Mitigating Trojan Source attacks

The Trojan Source Attack, tracked as CVE-2021-42574, and disclosed on 01 Nov 2021, works by using invisible unicode characters used to control interpretation of text as left-to-right or right-to-left to craft malicious source code which appears to function in one way, but is compiled in another. Code which seems to be valid could be commented out.

Figures 3 and 4 from “Trojan Source: Invisible Vulnerabilities” by Nicholas Boucher and Ross Anderson

Atlassian has updated Bitbucket to highlight these characters in pull requests and source code view to make it more obvious when one of these characters has been inserted into your source code: Multiple Products Security Advisory - Unrendered unicode bidirectional override characters - CVE-2021-42574.

Bitbucket’s mitigation for Trojan Source attacks highlights the hidden characters for reviewers.

But what if you want to prevent these characters from being committed, or automatically audit your Bitbucket instance for this attack? Security for Bitbucket offers a built-in rule to find and block these potential attacks.

Install Security for Bitbucket 3.8.0 or greater – this is the first version with the TROJAN_SOURCE rule. It is enabled by default.
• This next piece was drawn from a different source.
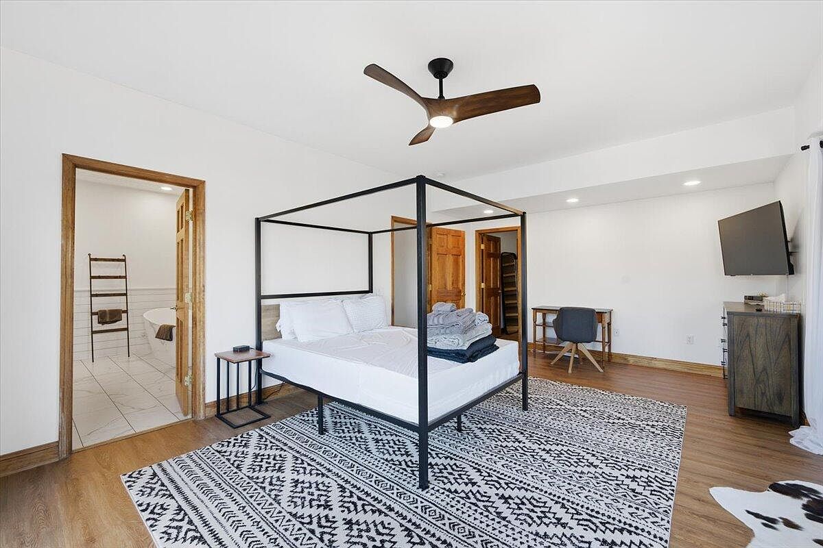 This spacious bedroom features a modern black metal canopy bed, layered with neatly arranged towels. A patterned black and white rug grounds the space, contrasting with the warm wood flooring. Natural light floods in, highlighting the crisp white walls and ceiling. The room includes a sleek wooden nightstand with a phone charger, while a minimalist desk and chair provide a functional workspace. The entrance to a stylish bathroom is framed by an ornate door, adding architectural interest. Decorative elements like a ladder rack and mounted TV blend functionality with contemporary aesthetics, creating a serene atmosphere.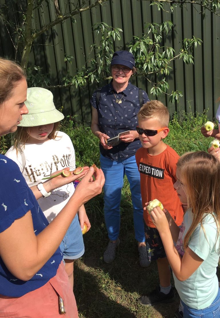 Irene Franken vertelde over de bloemen van de appelboom die bestoven moesten worden en dat je dat ‘bloemetje’ nog bij elke appel terugziet, dit is namelijk het kroontje. Leuk hè.

Version 3.9.0 or greater also displays unicode bidirectional override characters in the Security Scan Report.
Run a total instance re-scan, using the force parameter to re-scan already scanned code with this new rule. See REST API for Mass Scanning.
Turn on the Security Hook included with Security for Bitbucket to prevent new potential malicious code from being committed. See Scanning Every Push with the Security Hook for more information.
Update your Bitbucket version as recommended by Atlassian to allow for reviewers to see these characters in code reviews.

Displayed bidirectional override characters in the Security Scan Report

For more information on the vulnerability, you can visit Trojan Source Attacks and read the paper.

What about homoglyph attacks?

The TROJAN_SOURCE rule does not attempt to the homoglyph attack described in the Trojan Source paper, as such a rule generates a lot of false positives on non-English content.

If you’re interested in creating a custom rule which detects homoglyphs, there’s two approaches to crafting such a rule.

First, the Unicode Consortium maintains a list of “confusables” - characters which could be used malicious source code attempting a homoglyph attack, here: Unicode confusables.txt. A custom rule could be crafted to detect all confusables which are relevant to your code base.

Second, the Unicode Consortium also maintains a list of character blocks here: Unicode Blocks.txt. Characters in these blocks can be detected using this regular expression syntax:

NONE

\p{block=UpperCamelCaseBlockName}

One of the examples by the Trojan Source authors uses a Cyrillic character which can be mistaken for a Latin “H”. This can be detected using a custom rule with the regular expression:

CODE

\p{block=Cyrillic}

Note that this rule would detect all Cyrillic characters, and would only be suitable if your scanned content does and should not have any Cyrillic characters.